Depends on the wildlife. Deer definitely a telephoto. An ant definitely the macro 

But try and not depend exclusively on one for the other. Especially Nikons macro lenses perform by far at their best in the macro range. But similarly the Nikkor 80-200 f/2.8 is not very sharp at all at it's greatest reproduction ratio.


----------



## jnichols (Dec 26, 2008)

Thanks for the help. still not sure what lense to get.  I will be shooting at 70 to 200 yds on average.  Any advice on which lense will be good?


----------



## kundalini (Dec 26, 2008)

jnichols said:


> Thanks for the help. still not sure what lense to get. I will be shooting at 70 to 200 yds on average. Any advice on which lense will be good?


 Shooting at 70-200 yards is a far cry from a 70-200mm lens.

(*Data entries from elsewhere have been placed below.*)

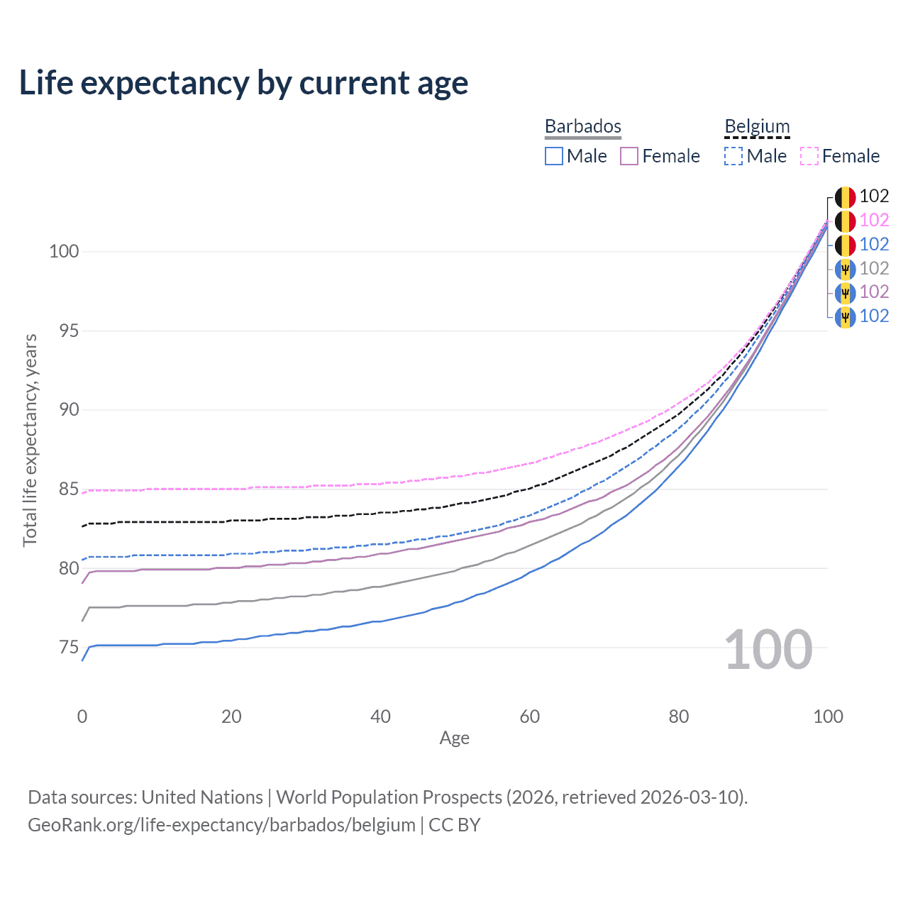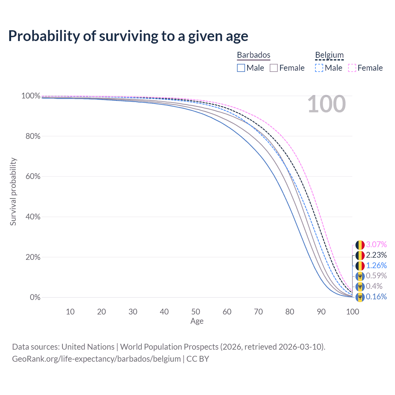 This life expectancy calculator shows the odds of living to 100, 95, 90, and below based on current age for both males and females in Barbados and Belgium, along with mean and median age of death. The calculations are based on the 2026 life tables (actuarial tables) from the UN World Population Prospects.
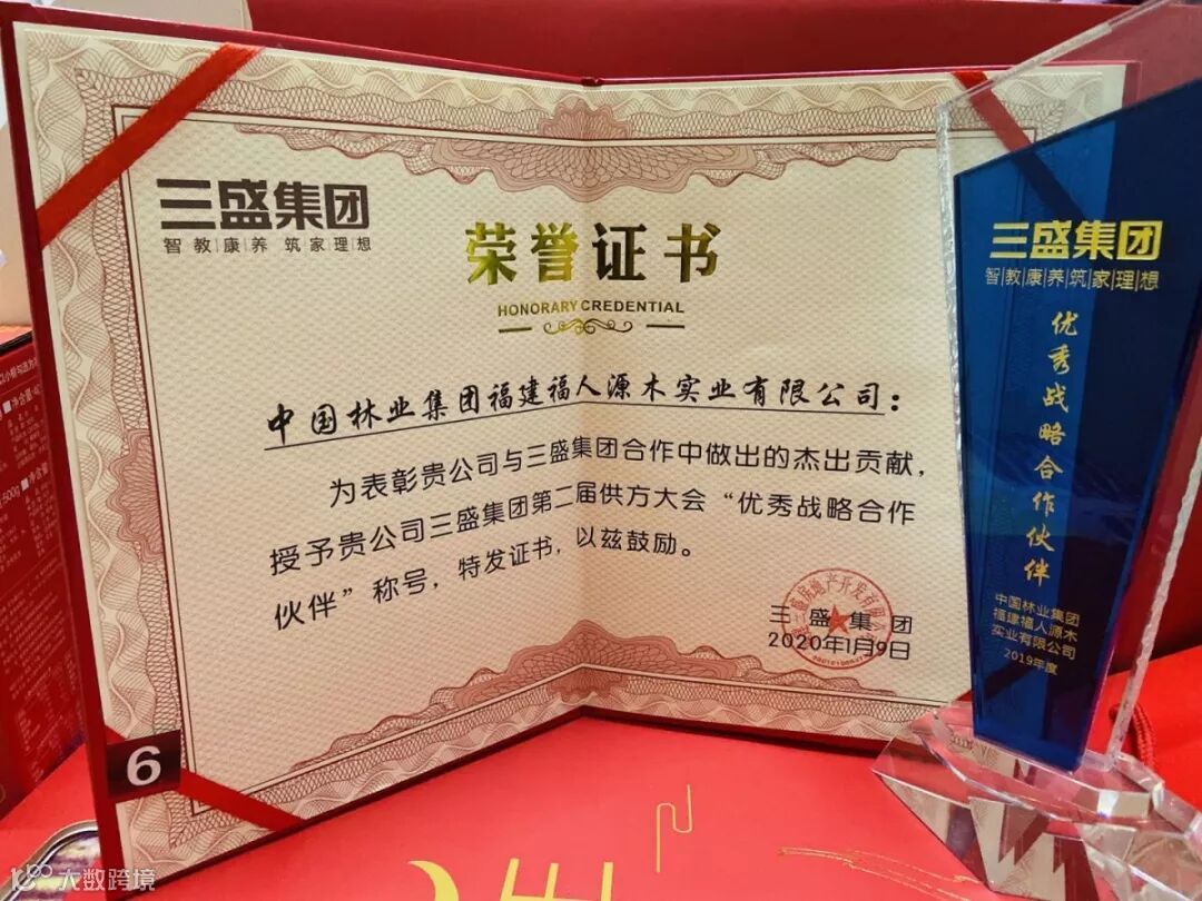 生参加三盛集团2019年度合作伙伴答谢会,福人地板荣获“优秀战略合作伙伴”。
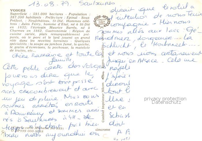 13326335 Vosges Vogesen Region Remiremont Ballon d’Alsace Contrexeville Ventron Gerardmer Bussang Plombieres Epinal St Die Vittel postalisch nicht gelaufen Erhaltung siehe scans [WerneD78] KatCode: 11170088388196
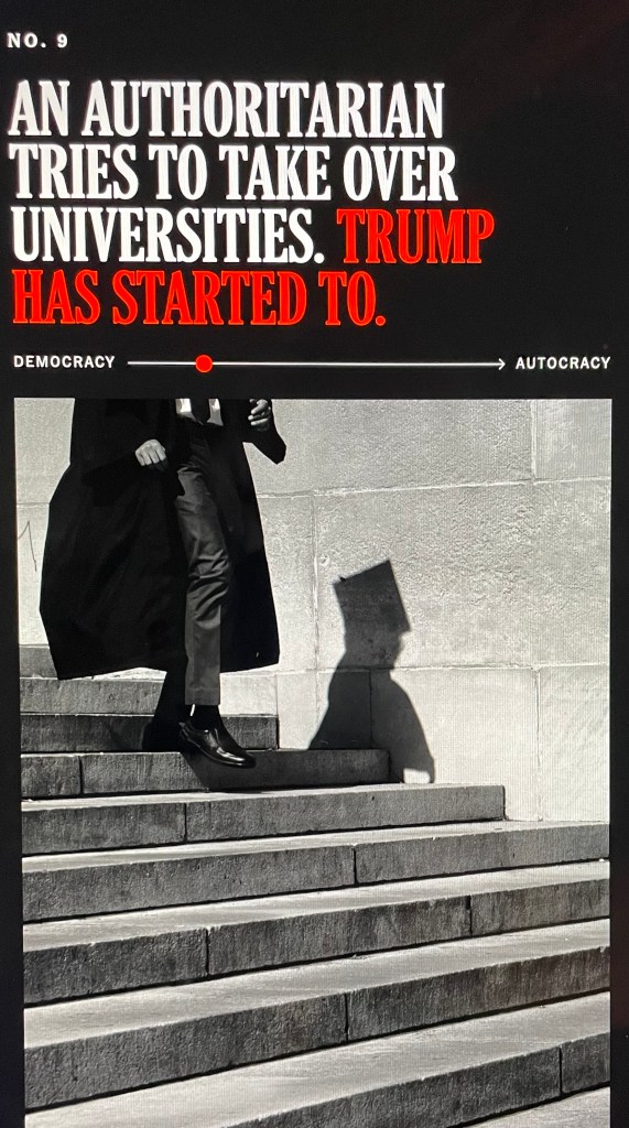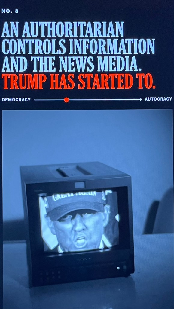 Consider the LRB firing, public radio and television defunding, climate-change data-collecton reduction, and Trump’s mobster extortion of ABC, Paramount (which owns CBS), YouTube, and Meta to settle baseless claims, and his lawsuits against The New York Times and The Wall Street Journal.
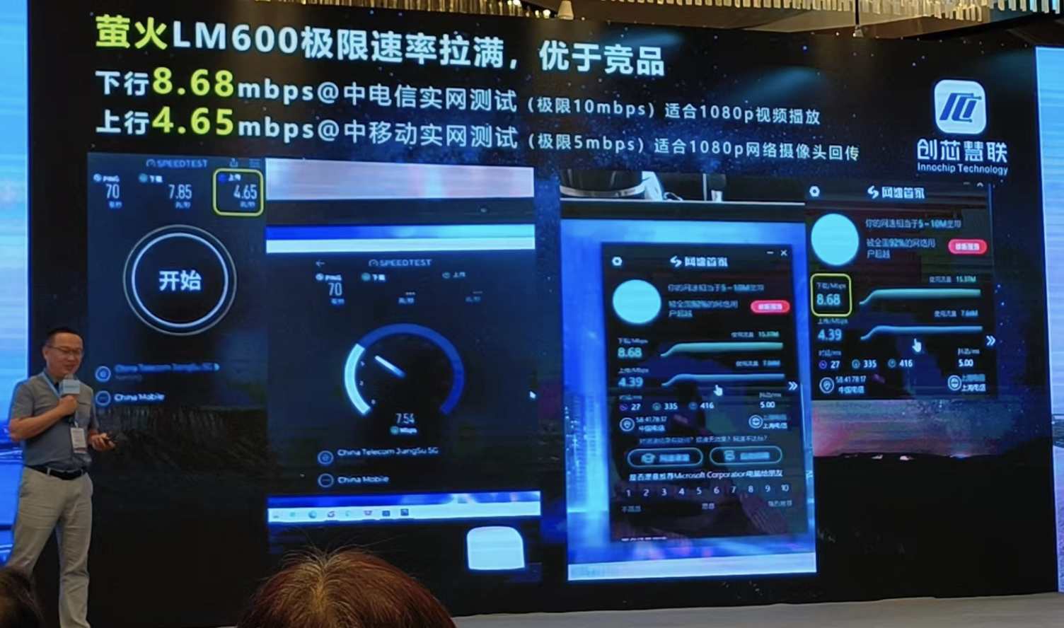 周晉列舉了一個應用案例,如果下行達到8Mbps、上行達到4Mbps,那么是可以支持1080p的視頻的。也就是說未來攝像頭不需要接網(wǎng)線,直接通過支持Cat1高速率傳輸?shù)男酒纯?。而LM600在實測中,分別達到了8.68Mbps下行速率和4.65Mbps的上行速率。
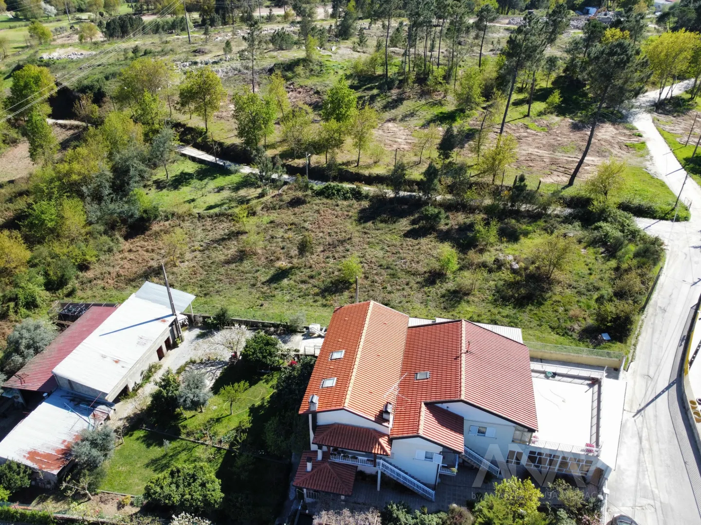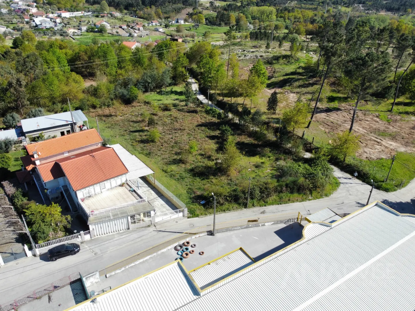 Com duas frentes viradas para estradas, já com esgotos, eletricidade, telecomunicações e agua da companhia.
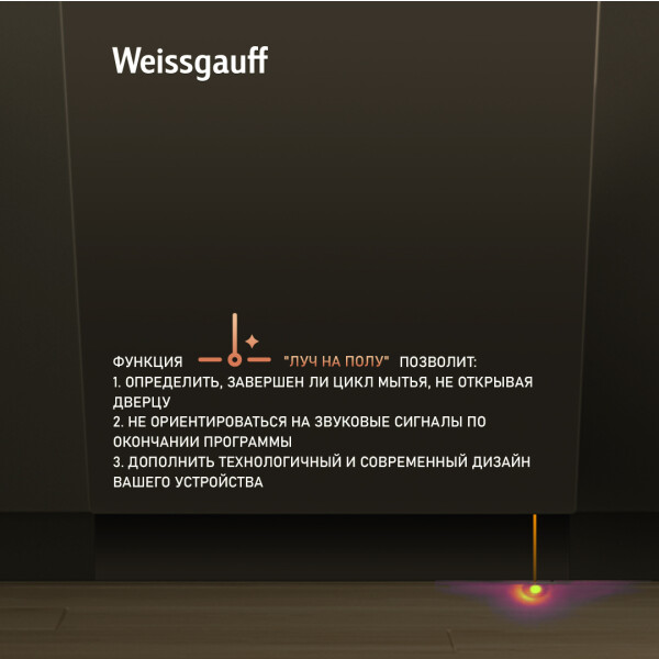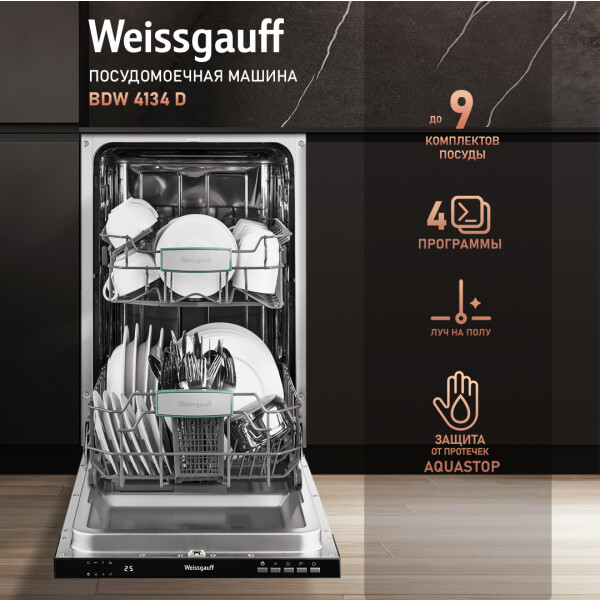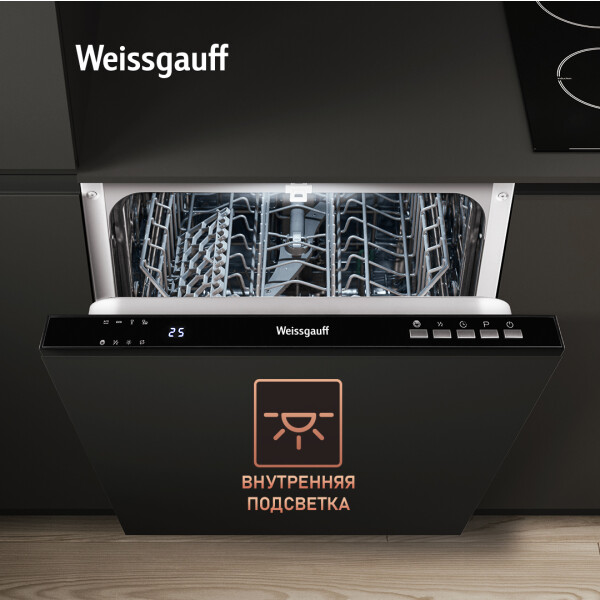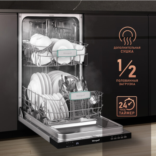 Компактная и экономичная посудомоечная машина Weissgauff обладает всеми необходимыми функциями для идеального результата после каждого рабочего цикла загрузки. 2 уровня разбрызгивателей воды S-образной формы обеспечивают наилучшее качество мытья, а встроенная подсветка мягкого синего цвета не только позволит видеть сразу весь объем загруженной посуды, но и добавит эстетики, присоединяющей свои нотки красоты в общий дизайн вашей кухни.

You didn't mention your budget.  That can/will have a great influence on lens suggestions.  Also, you should have an idea if reach or IQ is paramount.  Often there are compromises that need to be considered.  You will not likely to have all the best features at an entry level price.  Expect to exploit your credit card.

For lens reviews, I like:
photozone.de
dpreview.com
fredmiranda.com
thomhogan.com


----------



## jnichols (Dec 27, 2008)

O.k. sorry about being lax in the info department.  Remember I have been getting away with a cheap little Kodak 10X, 5 Megapixel camera.  I now have a Nikon D80 with a 18-55 f3.5-5.6g AF-S DX Nikkor VR Lens.  I am used to taking pictures at the previously mentioned distances and enhancing them with my computer using the Kodak.  I would like to stay in the range of $300 to $500 for a telephoto lens.  I find them in this range, just have not ever used one.  I appreciate the info.


----------



## Jaq (Dec 27, 2008)

Shooting animals is a completely different ball game than shooting landscapes. For landscapes you want a decently wide angle lens that has great IQ while for animals you most likely want a fast focus and a telephoto lens. The lens you currently have can probably do landscapes just fine, but for wildlife you want a fixed telephoto with a fast focus. I have that 70-300 and it spends a lot of time searching and is very noisy, and if you don't have great light conditions it is going to be difficult to get the shutter speed you need towards the 300 end. I don't recommend it for wildlife photography. I don't know a specific lens that would be better, but that's my opinion on that lens.

200 yards is quite a distance... I doubt you will find a lens for under $500 with that kind of reach... that's some serious telephoto. I doubt 300mm is long enough for 200 yards. For 100y, probably pretty comfortable.


----------



## Flash Harry (Dec 27, 2008)

300 or 400mm, possibly with a converter for that distance but both are very pricy, Nikon also do a 500 mirror lens which if you can put up with the doughnut effect background would be the cheapest option in the nikon range, have a look at sigma's 100-500 I think it is, I tried one in calumet and it seemed pretty good for the $. H


----------



## djacobox372 (Dec 31, 2008)

wildlife = 80-200mm f2.8 + 1.4x teleconverter

macro = extention tubes and a high quality prime lens (105mm, 85 or 50mm).


----------



## Dubious Drewski (Dec 31, 2008)

Don't automatic extension tubes cost upwards of $400? And if you don't have the prime, that can net another $200 to $800.

Why not just buy the Nikon 60mm f2.8 Macro for around $600 and be done with it?

...unless you go full manual: oldschool barebones extension tubes for $20 and a manual focus used prime for under $100.  But I have that, and I don't like it.


----------